Scheduling games, planning transportation and hiring referees can be a logistical nightmare with so many teams playing and training at the same time.
“I’m going to have to talk with the athletic directors about all these things and other issues,” Hubbell added. “It’s not just about fields and buses but also no fans and different levels of reopening. You can’t just say we’re going to start training and go tackle or with no pads on. There are lots of steps we have to get to before we get to a normal practice.”
Brian James, Burbank High School assistant principal of athletics and activities, echoed Hubbell’s cautious optimism and mentioned another issue that could arise when the season begins. Some coaches — in volleyball, water polo and tennis — will have to manage boys’ and girls’ teams simultaneously.
“The Burbank High School athletic community is appreciative of the CIF’s regard for all sports in its proposed athletics calendar given the multifaceted impact of the pandemic,” James wrote in an email. “Student athletes and coaches finally have a defined period to showcase their talents and abilities. The new calendar will not be without challenges for the BHS campus. Special considerations will be necessary to ensure multi-sport athletes are afforded opportunities to play multiple sports as seasons overlap or run concurrently.

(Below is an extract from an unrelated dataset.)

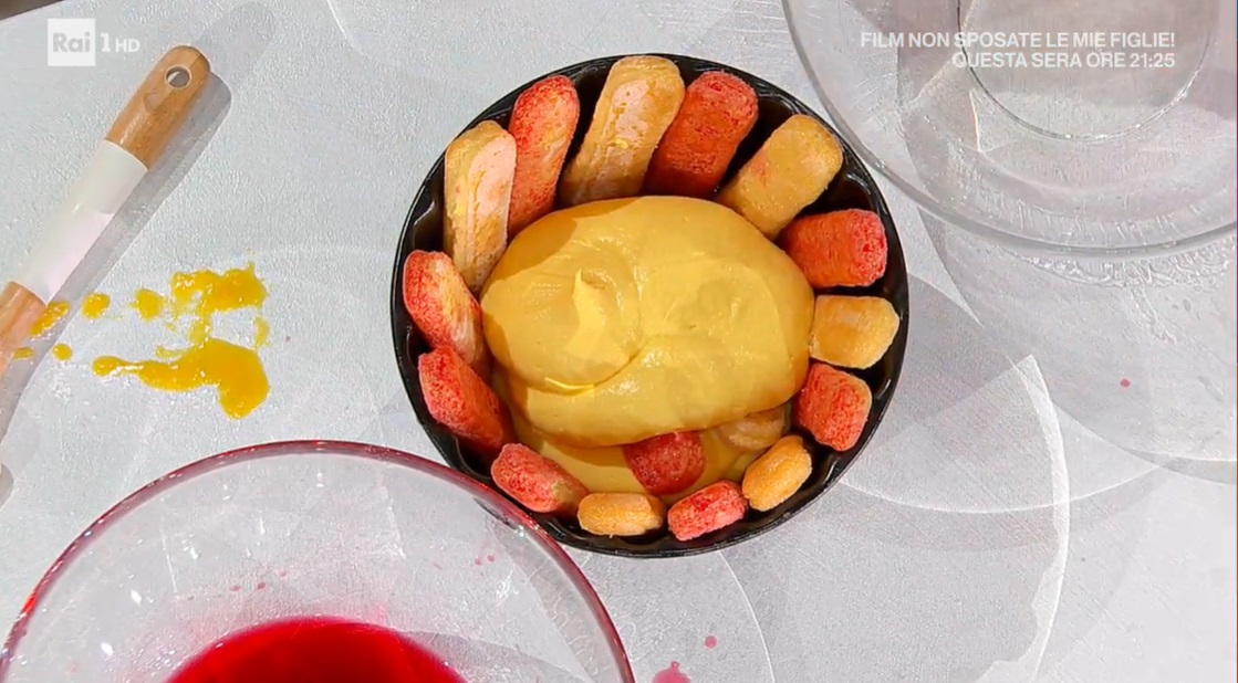 Prendiamo uno stampo dai bordi alti ben imburrato e sul fondo spalmiamo abbondante confettura di albicocche o mele cotogne. bagniamo i savoiardi nei due liquori, uno nell’alchermes ed uno nel rosolio, e li disponiamo sui bordi dello stampo. Formiamo sul fondo (sopra la confettura) uno strato di crema, uno di biscotti inzuppati, ancora uno di crema, di savoiardi e così via fino a riempire lo stampo. Finiamo con i biscotti, copriamo con la pellicola e lasciamo riposare in frigorifero per almeno 2 ore. Capovolgiamo sul piatto da portata.

“Several of our coaches who coach both the girls’ and boys’ teams in a particular sport will be challenged to manage those programs simultaneously. Equally demanding will be game scheduling in a league represented by four separate districts and site based management of facilities. A remaining unknown is how student athletes will be transported in accordance with governmental guidelines. Athletics during the 2020-21 school year will be a challenge, but BHS is ready to step to the plate.”
Small schools such as Pasadena Poly will be certainly be affected the most by the two-season format, which can potentially hurt participation numbers.
“The CIF announcement will affect schools in different ways,” said Polytechnic A.D. Steve Beerman. “Student-athletes will have to make choices, which then dictate if the school is able to offer all levels and, more importantly, all the sports programs as we have had in the past. We do not have lights on our field so facilities will be an issue in the spring trying to run soccer, baseball and softball practices. We will figure this out while trying to do the best we can for our student athletes.”
CIF is committed to this revised calendar and does not plan on revising the dates for the first and final games for each sport. However, it will reevaluate the situation in November or December to determine whether it is safe for high school athletics to resume.
“This plan remains in place now going forward,” Wigod said. “We were hoping our schools can get to work, and everyone can get to work on what needs to be done now to get this implemented. We’ll have to look at how things develop over the next several months.”